Теперь мне понятно, когда говорят: «Мое сердце билось». Прежде, когда это говорили в театре, я не обращала внимания, теперь же я узнаю испытанные мною чувства.
Время мчится, как стрела. Утром я немного учусь музыке; до двух часов Аполлон Бельведерский, которого я срисовываю. Он имеет некоторое сходство с герцогом – особенно в те минуты, когда на него смотрят: выражение очень похоже. Та же манера держать голову и такой же нос.
Мой учитель музыки Manote был очень доволен мною сегодня утром. Я сыграла часть концерта Мендельсона без единой ошибки. Вчера были в русской церкви по случаю Троицы.
Церковь вся украшена цветами и зеленью. Читали молитвы, где священник молился о прощении грехов; он их все перечислил; потом он молился, стоя на коленях. Все, что он говорил, так подходило ко мне, что я как бы застыла, слушая и повторяя его слова.
Это второй раз, что я молилась так хорошо в церкви; первый раз это было в первый день нового года.
Общественная служба сделалась такой банальной; произносимые слова не имеют отношения к обыденной жизни и к чувствам большинства. Я хожу к обедне и не молюсь: молитвы и гимны не отвечают тому, что говорит мое сердце и моя душа; они даже мешают мне свободно молиться. А между тем молитвы, где священник молится за всех, где каждый находит что-нибудь относящееся к нему, проникают мне прямо в душу.
Наконец я нашла то, что искала, сама того не сознавая; жизнь – это Париж, Париж – это жизнь!.. Я мучилась, так как не знала, чего хочу. Теперь я прозрела, я знаю, чего хочу! Переселиться из Ниццы в Париж; иметь помещение, обстановку, лошадей, как в Ницце; войти в общество через русского посланника – вот, вот чего я хочу! Как счастлив тот, кто знает, чего хочет. Но вот мысль, которая терзает меня: мне кажется, что я безобразна! Это ужасно!

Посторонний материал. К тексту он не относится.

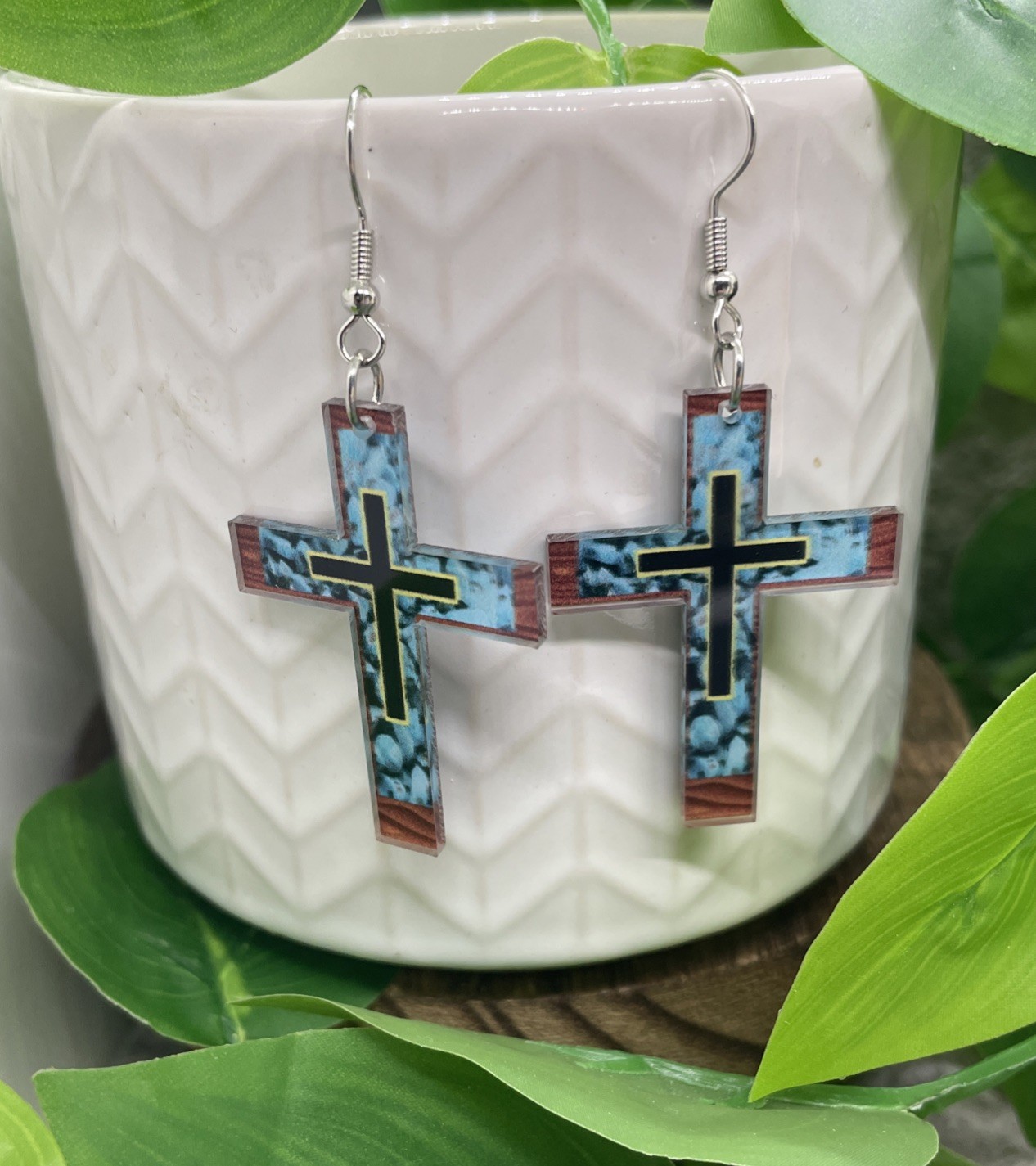 2 Silver-tone Acrylic Boho Cross Drop Dangle Earring Set New Free Ship B8222
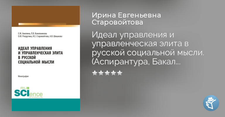Идеал управления и управленческая элита в русской социальной мысли. (Аспирантура, Бакалавриат, Магистратура, Специалитет). Монография.
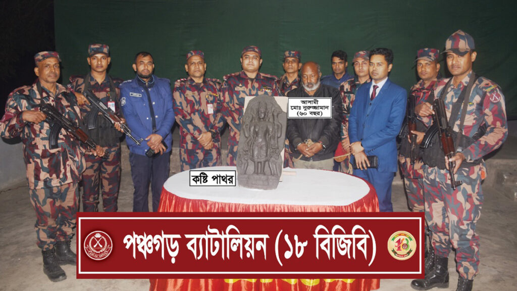 মঙ্গলবার (৭ জানুয়ারি) রাতে পঞ্চগড় ব্যাটালিয়নের (১৮ বিজিবি) অধীনস্থ মীরগড় বিওপি এলাকায় সীমান্ত পিলার ৪২২ থেকে সাড়ে ৪ কিলোমিটার বাংলাদেশের অভ্যন্তরে ডোকরো পাড়া এলাকা থেকে কষ্টি পাথরটি উদ্ধার করা হয়।
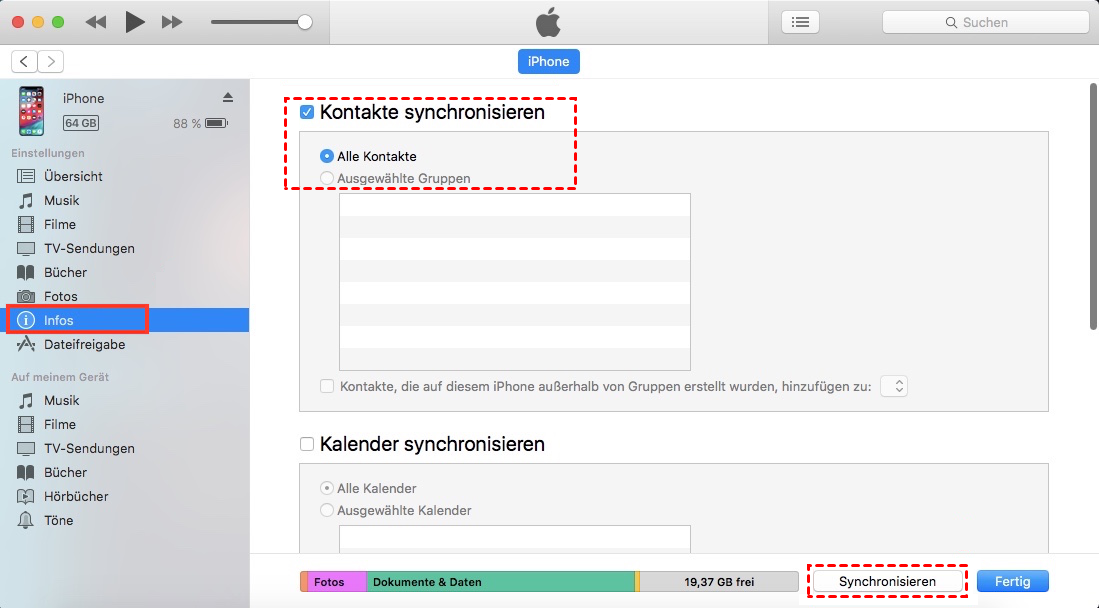 Methode 2. Über iTunes iPhone Kontakte sichern ohne iCloud
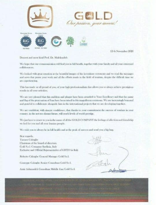 اساتید صاحب نام دانشگاه‌ها و مراکز گردشگری مهم دنیا همچون کاخا شنگیلیا IAPU  ،اقای غلام عباس بزرگی و خانم زهرا برزگر، دکتر جانی هاریانتو از دانشگاه پریزیدنت اندونزی، دکتر تاکشی ماستورا رئیس دانشگاه کیوتو ژاپن، دکتر الهام مدمدوف از دانشگاه گردشگری و مدیریت آذربایجان، دکتر شان چن از دانشگاه SIAS چین، دکتر کورنی دیج مانی مدیر پژوهش و نوآوری دانشگاه علمی و کاربردی هلن، خوزه کاستا رئیس دانشکده توسعه و برنامه ریزی گردشگری پرتغال، پروفسور دانیل فسن مایر از انستیتو گردشگری، اریک فیدمن دانشگاه فلوریدا آمریکا، دکتر فارگاس سانچز استاد تمام دانشگاه هولوا اسپانیا و پروفسور کای چون رئیس دانشکده مدیریت هتلداری و گردشگری دانشگاه پلی تکنیک هنگ کنگ پیام تبریک خود را به پروفسور ایرانی برای دریافت اولین جایزه و اختراع در صنعت گردشگری و کسب عنوان «پروفسور و پدر علم نوين گردشگري جهان» اعلام کردند.
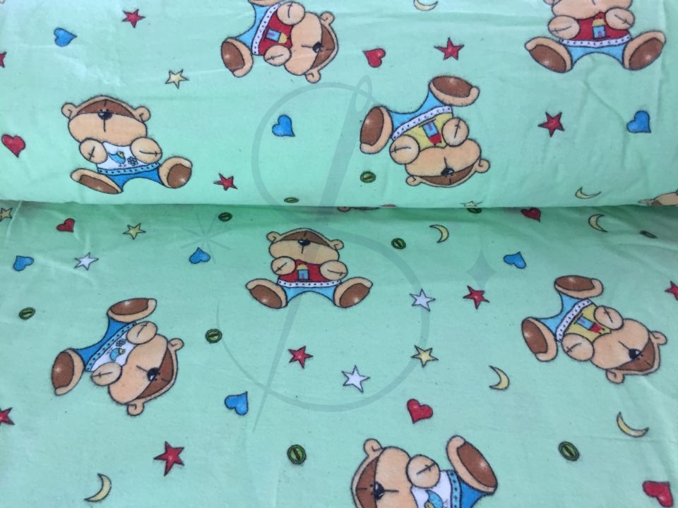 Zielone misie - tkanina flanelowa
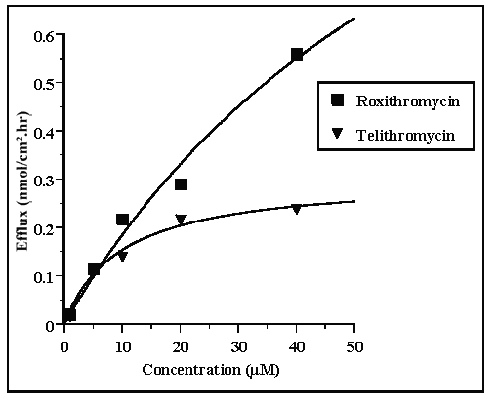 Plots of active efflux versus concentration of the compounds are shown in Figure 6. The best fit plots indicated that Km values were 45.4 and 9.8 mM respectively for roxithromycin and telithromycin and that Vm values were 1.1 and 0.3 nmol/ cm 2 .hr respectively.
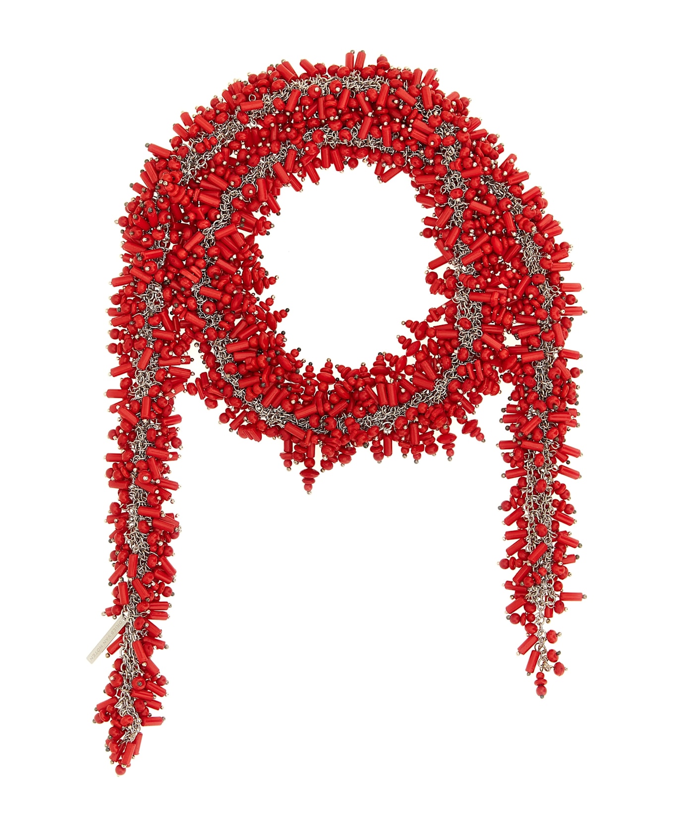 Embroidered Scarf' necklace in copper, acrylic and brass with embroidered beads and elements of electroformed shape, scarf model.
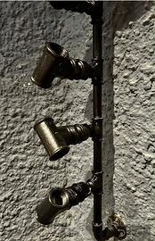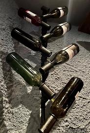 Portabottiglie fatto a mano è realizzato con tubi idraulici disposti su entrambi i lati con fissaggio a parete per il supporto di bottiglie di vino.
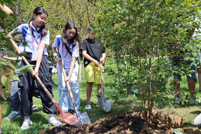 重庆两江新区星湖学校学生罗钰辰则称,这次活动中,最令自己难忘的是种友谊树。虽然天气炎热,但是大家都好开心,一起搬树苗,一起铲土、挂上树牌。种下的这棵树就像我们保护大自然的约定,也是我们友谊的象征,等这棵树长大开花了之后,大家肯定会更加兴奋。

Сердце – это кусок мяса, соединенный тоненькой ниточкой с мозгом, который, в свою очередь, получает новости от глаз и ушей. Можно сказать, что сердце говорит вам, потому что ниточка двигается и заставляет его биться сильнее обыкновенного и оно гонит кровь к лицу.

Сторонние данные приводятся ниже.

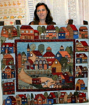 | Gran Mural de Casitas, bordado en esterilla delgada de 120 x 110 cm. El colorido y las terminaciones fueron escogidas por María Isabel Saavedra, quien lo bordó y lo muestra. | ||||||||||||||||||||||
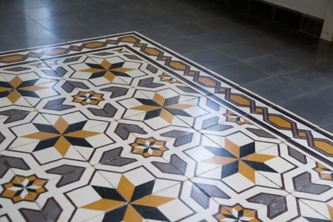 ריצפה מצוירת מקורית בבניין לשימור ביפו, בעיצוב ותכנון של הילה לוסקי
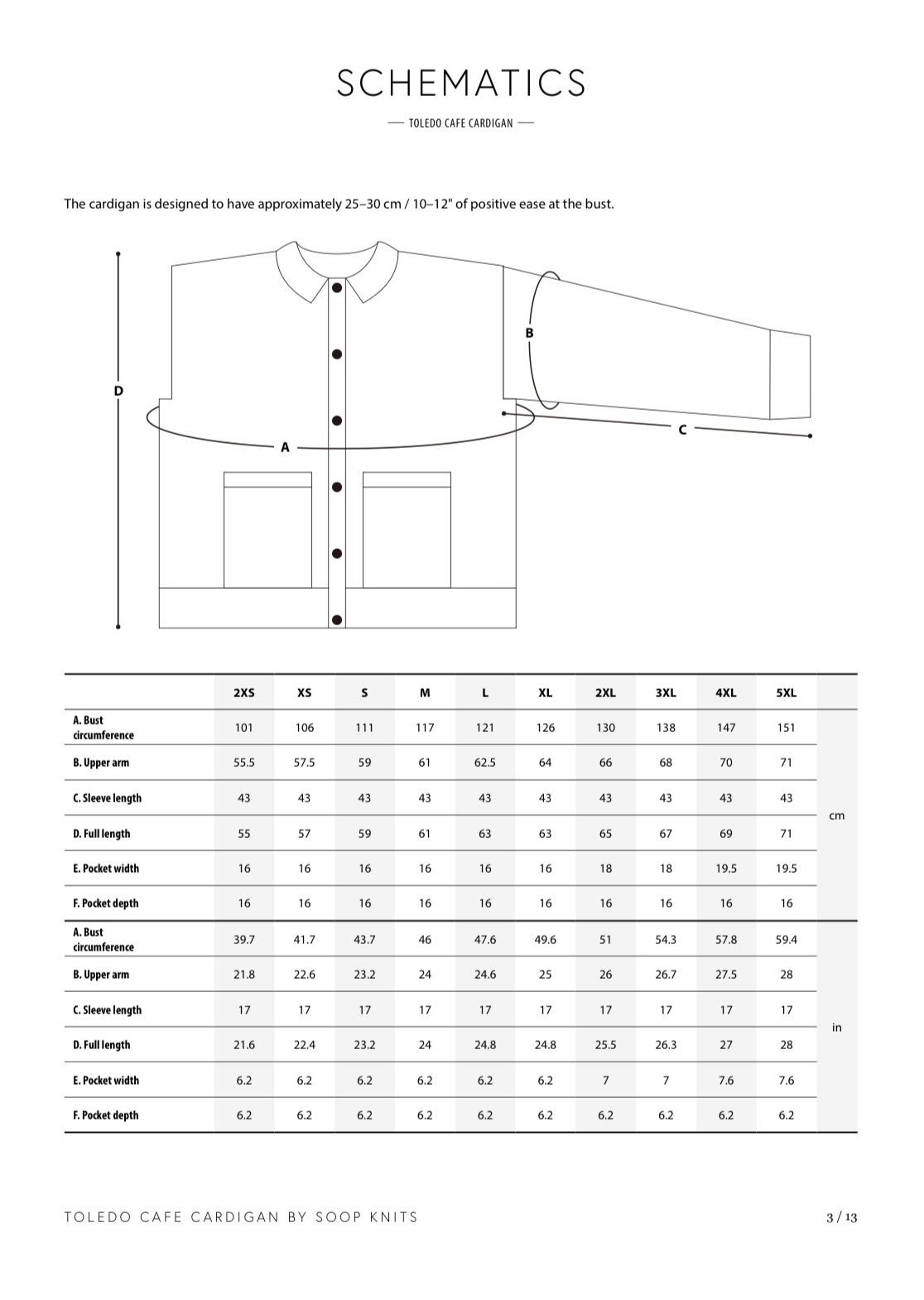 카디건은 뒤판 어깨에서 시작한다. German short rows 방식을 사용해 어깨 경사를 만들고 겨드랑이까지 진동을 뜬다. 뒤판을 잠시 쉬게 두고 어깨에서 코를 주워 오른쪽 앞판과 왼쪽 앞판을 뜬 뒤, 겨드랑이에서 모두 합쳐 몸통을 이어서 뜬다. 몸통의 주머니는 몸통을 뜨면서 위치를 표시해 놓고 나중에 주머니 속을 만든다. 진동 둘레를 따라 코를 주워 소매를 원통뜨기 하고, 네크라인을 따라 코를 주워 칼라를 만든다. 카디건의 앞섶을 따라 코를 주워 버튼 밴드를 만들고 주머니를 완성한다.

Мы были у фотографа Valery; там я видела портрет Ж. Как она хороша! Но через десять лет она будет стара, через 10 лет я буду взрослая; я была бы лучше, если бы я была больше. Я позировала восемь раз; фотограф сказал: «Если на этот раз удастся, я буду доволен». Мы уехали, не узнав результата.
Разразилась гроза; молнии были просто страшны; иногда они падали на землю, оставляя на небе серебристую черту, – тонкую, как римская свеча.

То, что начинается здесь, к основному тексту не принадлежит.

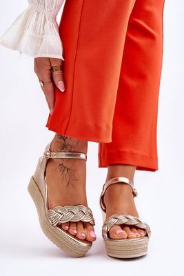 Klasyczne Skórzane Sandały Na Koturnie Złote Denisse
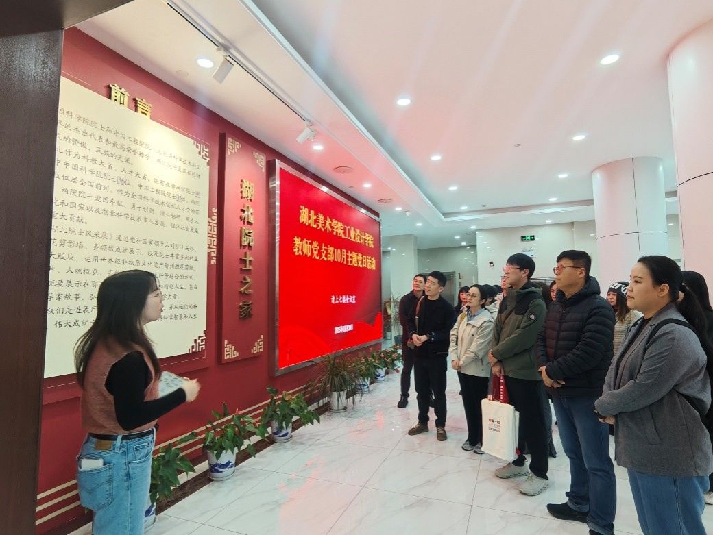 为深化党的创新理论学习,推动党建与业务深度融合,10月30日,我校工业设计学院教师党支部赴湖北省院士专家联络服务中心(以下简称省院士中心)开展“锐意进取、埋头苦干,奋力谱写中国式现代化更加绚丽的篇章”联学共建主题党日活动。学院全体教师党支部教师参加活动,省院士中心办公室主任朱秀荣、院士服务部部门负责人舒玥、院士服务部余诗敏参加活动。活动由工业设计学院教师党支部支部书记赵飞主持。
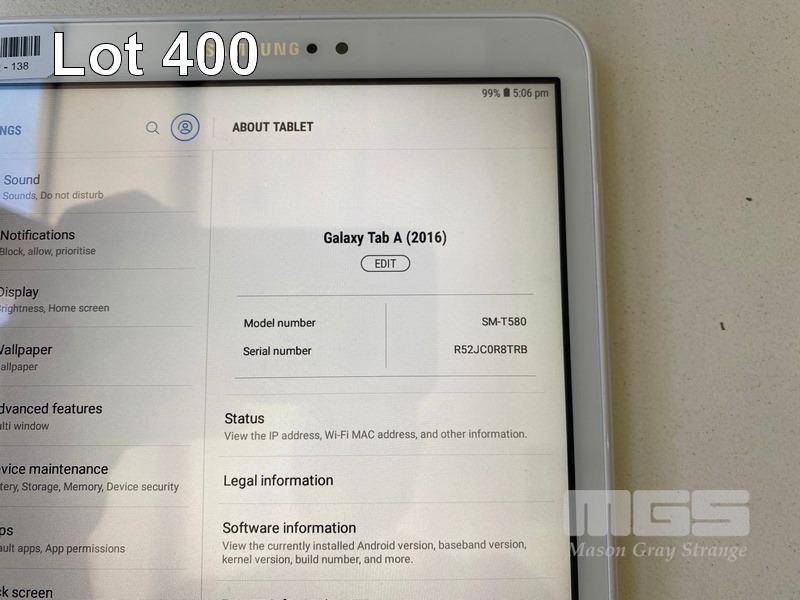 TABLET PC, SAMSUNG GALAXY TAB A, MODEL SM-T580, 16GB, Wi-Fi, 10.1" SCREEN WITH CABLE & CHARGER S/N:R52JC0R8TRB
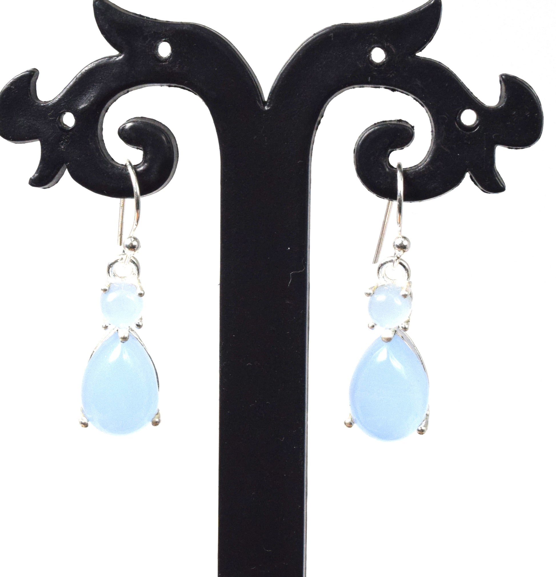 925 Solid Sterling Silver Blue Chalcedony Hook Earring - 1.2 Inch

Я смотрю на Ниццу как на место изгнания. Однако я должна заняться распределением дней и часов для учителей. С понедельника я начну занятия, так ужасно прерванные m-lle Колиньон.
С зимой появится общество, а с обществом – веселье; тогда будет уже не Ницца, а маленький Париж. А скачки! Ницца имеет свою хорошую сторону. Тем не менее шесть или семь месяцев, которые надо здесь провести, кажутся мне целым морем, которое надо переплыть. Я не спускаю глаз с моего маяка. Я не надеюсь пристать, я не надеюсь видеть эту землю, но один вид ее даст мне силу и энергию дожить до будущего года, а затем… А затем? Право, я ничего не знаю! Но я надеюсь, я верю в Бога, в его безграничное милосердие – вот почему я не теряю бодрости. «Тот, кто живет под Его покровительством, найдет свое спокойствие в милосердии Всемогущего. Он осенит тебя Своими крылами, под их охраной ты будешь в безопасности, ты не будешь бояться ни слияния ночных созвездий, ни дневных несчастий…» Я не могу выразить, как я умилена и насколько сознаю милость Бога ко мне.
Мама лежала, а мы все были около нее, когда доктор, вернувшись от Патон, сказал, что умер Абрамович. Это ужасно, невероятно, изумительно! Я не могу поверить, что он умер! Нельзя умереть, будучи таким милым и привлекательным! Мне все кажется, что он вернется зимой, со своей знаменитой шубой и со своим пледом. Это ужасно – смерть! Меня просто сердит его смерть! Такие люди, как С. и Ж., живут, а молодой человек, как Абрамович, умирает!
Все пришли в ужас, даже у Дины вырвалось какое-то восклицание. Я спешу написать Елене Говард. Все были в моей комнате, когда пришла эта печальная весть.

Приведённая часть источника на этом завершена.